But of course, none of this matters if the OS is unusable. We spend a lot of time navigating our phones and jumping in and out of settings, and the mileage can vary greatly between Android versions. I’m happy to say that Huawei hits it out of the park with its EMUI 5.0 interface.

mate 9 emui Greenbot

From the settings to the customization, EMUI 5.0 on the Mate 9 is a pleasure to use.

Now, Android purists will still probably pitch a fit, and I’m generally right there with them. I’m a big proponent of stock Android, and had read enough about the Marshmallow-flavored version of EMUI to know that Huawei tends to take extensive creative liberties with its design, and Nougat is no different. From the icons to the animations and gestures, EMUI 5 may be based on Android 7.0, but it reimagines just about every aspect of it. And it works.

mate emui Greenbot

EMUI 5.0 on the Mate 9 adds subtle touches throughout that enhance the Nougat experience.

There’s a certain sweetness to EMUI 5, with little touches throughout the add a new intuitiveness to the interface. For example, there’s a plus icon after the last app in a folder that lets you quickly select one of your recently used apps without needing to drag it in. There’s an address book-style index alongside the right of the app drawer that lets you jumps to a specific letter. And when you enter the multitasking carousel, a small box will show you how much RAM you are using and let free some up by close all open tabs with a tap. And all throughout there are subtle transitions and unexpected animations that give the interface a fun, light feel, and make it a joy to use.

Alexa advantage?

It’s as smart and it is customizable, and the thoughtful navigational touches and gestures actually help make the Mate 9 feel smaller than it is. My only real quibble (other than the bits of removable bloatware in the form of third-party apps like Lyft and New Republic) is that some of the icons are a bit too skeuomorphic for my tastes, but the ease and elegance of the interface more than makes up for it.

mate 9 gnow Greenbot

The Mate 9 includes support for Google Now, but the real test will come when its Alexa integration arrives.

Unfortunately, the model of the phone I tested didn’t come equipped with what’s sure to be its most compelling feature, Alexa. The first phone to build in support for Amazon’s digital assistant, Huawei is betting that Alexa will translate well from our living rooms to our pockets, but there are a lot of questions: How well will it work with Google’s services? Will it be able to talk to third-party apps or just Amazon’s? Will it sync with the skills we’ve loaded onto the Echos or Dots in our homes?
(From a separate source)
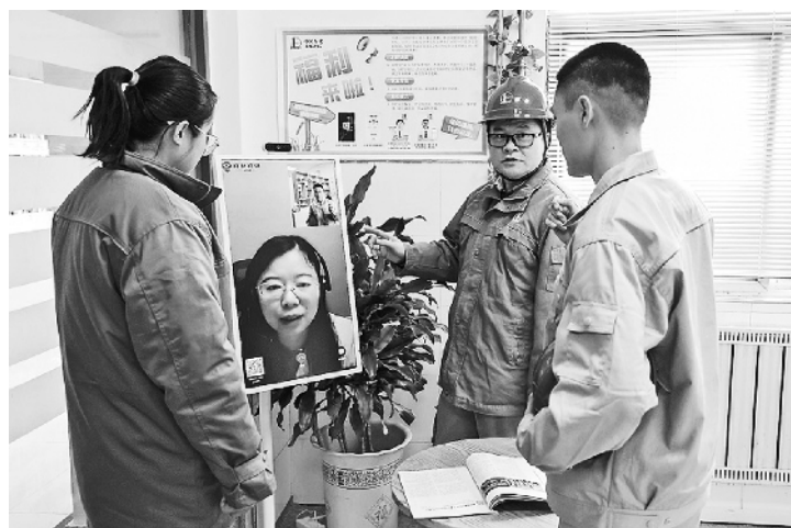
护能力，为他们撑起了健康安全“保护伞”。我们衷心期待生

笔者以为，中国石化扬子石化公司在生产一线配备“健康管家”，不仅把医疗服务直接送到了职工身边，让他们能够随时了解自己的身体状况，减少和降低健康安全风险，防患于未然，而且便捷的健康服务，还起到了普及医疗科普知识和技能的作用，可以进一步增强一线职工的健康意识和自我保

Will we be able to summon it by saying “Computer”?

Digital assistants are rapidly becoming one of the most essential components of the smartphone experience, and Alexa could very well make or break the Mate 9.

Should you buy it?

This is a tough question to answer. While the Mate 9 is undoubtedly among the top phones in its class, a few things give me pause. For one, the lack of support from Verizon and Sprint puts it at a significant disadvantage. And it’s one that’s likely to plague phones coming out of China for years to come, as neither manufacturers nor CDMA carriers show much desire to work together.

mate 9 full Christopher Hebert

The Mate 9 is available in the U.S., but Verizon and Sprint customers won’t be able to use it on their networks.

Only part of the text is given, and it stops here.